State, Ex Rel. Gill v. Winters

589 N.E.2d 68, 68 Ohio App. 3d 497, 1990 Ohio App. LEXIS 3049
CourtOhio Court of Appeals
DecidedJuly 9, 1990
DocketNo. 600.
StatusPublished
Cited by15 cases

This text of 589 N.E.2d 68 (State, Ex Rel. Gill v. Winters) is published on Counsel Stack Legal Research, covering Ohio Court of Appeals primary law. Counsel Stack provides free access to over 12 million legal documents including statutes, case law, regulations, and constitutions.

Bluebook
State, Ex Rel. Gill v. Winters, 589 N.E.2d 68, 68 Ohio App. 3d 497, 1990 Ohio App. LEXIS 3049 (Ohio Ct. App. 1990).

Opinion

*499 Harsha, Judge.

This case has a long and tortured history before this court. 1 Now at issue is an appeal and cross-appeal from a judgment entered by the Jackson County *500 Court of Common Pleas, on remand from this court, finding that Daniel W. Gill, appellant, was not entitled to damages from Hibert Winters, appellee, in his capacity as Mayor of the city of Wellston, Ohio, notwithstanding Winters’s failure to appoint Gill to the position of Second Assistant Fire Chief. We affirm the judgment but upon a different rationale from that utilized by the trial court.

Appellant assigns the following errors:

“I. The trial court committed reversible error in that its decision of November 2,1988, was contrary to law and abused its discretion in refusing to join necessary parties to the action.
“II. The trial court committed reversible error in that its decision of November 2, 1988, was contrary to law and an abuse of its discretion in refusing to grant the plaintiff-relator attorney fees.”

Appellee assigns the following errors on his cross-appeal:

“I. The learned trial judge erred in finding that the plaintiff-relator, Daniel W. Gill, sustained damages that included back wages, pension benefits, and interest thereon.
“II. The learned trial judge erred in refusing to consider depreciation as income in mitigation of damages.”

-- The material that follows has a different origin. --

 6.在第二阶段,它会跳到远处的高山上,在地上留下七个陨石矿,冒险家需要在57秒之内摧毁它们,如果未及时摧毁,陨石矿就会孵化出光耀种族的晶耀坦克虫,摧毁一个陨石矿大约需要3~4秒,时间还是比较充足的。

On December 17, 1985, appellant sought and was granted a peremptory writ of mandamus ordering the Mayor of Wellston to appoint him Second Assistant Fire Chief. Two previous appeals preceded this review by our court. Upon a second remand on May 2, 1988, the trial court was instructed to conduct a hearing on damages. On July 11, 1988, appellee filed a memorandum on damages, arguing that damages did not include back pay because benefits did not accrue until an appointment was made and that damages could not be *501 awarded since appellant never sued the city of Wellston or any city officer other than the mayor. On July 11, 1988, appellant also filed answers to appellee’s request for admissions, which included his admissions that he never sued either the city of Wellston or any official or officer of the city besides the mayor. In appellant’s answers to appellee’s interrogatories, appellant stated that his damages consisted of wages, interest, and retirement benefits relating to the period from when he should have been appointed pursuant to the peremptory writ of mandamus, i.e., November 14, 1985, until the date he was appointed to the fire department position, i.e., July 8, 1987. Appellant further claimed approximately $5,000 in attorney fees. On August 3, 1988, appellee filed a motion for summary judgment, again reiterating the argument that only the mayor had been made a party to the action.

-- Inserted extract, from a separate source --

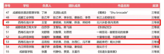 自接到賽事邀請以來,我院高度重視本次比賽。從校賽到省賽,兩支隊伍的團隊成員齊心協力,認真準備。采取線上線下結合的方式,先后完成北川采風、腳本撰寫、素材收集、視頻制作和配音等工作,得到了“羌繡”與“沙朗”兩位非遺傳承人的大力支持。《北川鄉韻·我與羌繡》的團隊成員紛紛表示:“這次比賽給了我們一個學思踐悟、實踐出真知的機會,也弘揚了中華優秀傳統文化,樹立了文化自信。”《跳起來吧!煙火沙朗》的團隊成員們也感嘆:“這次比賽讓我們深刻體會到了團隊合作及互幫互助的重要性。一個人可能走得更快,但一群人走才能走得更遠。”

On August 5 and September 28, 1988, a hearing was held before the trial court. During the hearing, appellee moved to dismiss the action pursuant to Civ.R. 12(B)(7) on the basis that appellant had failed to join necessary parties, i.e., the city of Wellston. On October 12, 1988, appellant filed a brief on damages, asserting therein, in pertinent part, as follows:

“From the very beginning this action has been defended by the Law Director for the City of Wellston. Regardless who the Mayor has been, and regardless of who the Law Director has been, the action has been defended by the person serving in that capacity as well as the prior Law Director continuing to defend the action. Clearly, the City cannot say they have received no notice of this action and that it would be unjust to join them at this point if the Court, in its determination, feels that the City should be joined.
({ * * *
“[I]f the Court in its discretion feels that pursuant to Civ.R. 19 * * * the City of Wellston, Auditor of Wellston, Treasurer of Wellston, Law Director of Wellston, or Public Service Director of Wellston, are parties who are needed for the just adjudication of this hearing, the Court has the full power to join that person.”

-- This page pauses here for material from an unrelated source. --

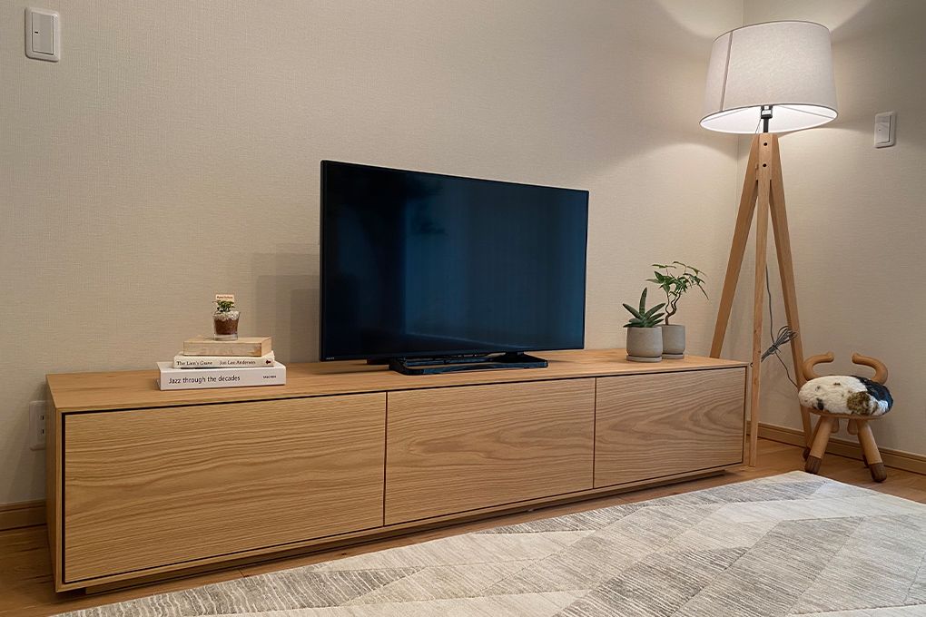 木目が綺麗に繋がっていて、空間に溶け込みながら暖かさと高級感を味わえる

On November 9, 1988, the trial court entered a judgment which indicated that, had the proper parties been sued, appellant would have been entitled to $10,451.17 in net back pay, i.e., $28,881.52 in gross back pay minus $18,430.55 in mitigation income, plus retirement income in the amount of $6,931.56, plus interest on both amounts. The trial court noted that appellant was not entitled to attorney fees. The trial court determined that appellee, i.e., the Mayor of the city of Wellston, did not owe any damages to appellant because the mayor’s duties did not include the disbursement of money. In its entry, the trial court stated as follows:

*502 “Mr. Gill can presumably file another civil action for back pay, and join the correct parties. Obviously the fiscal officers of the City of Wellston would not be bound by the principles of res judicata to the terms of the Peremptory Writ. Since absolutely no opposing party had any opportunity whatsoever to contest at the trial court level the issues underlying the Peremptory Writ, the findings made herein have no effect of collateral estoppel, either. Accordingly, in later litigation the defendants may raise whatever defenses they may have.”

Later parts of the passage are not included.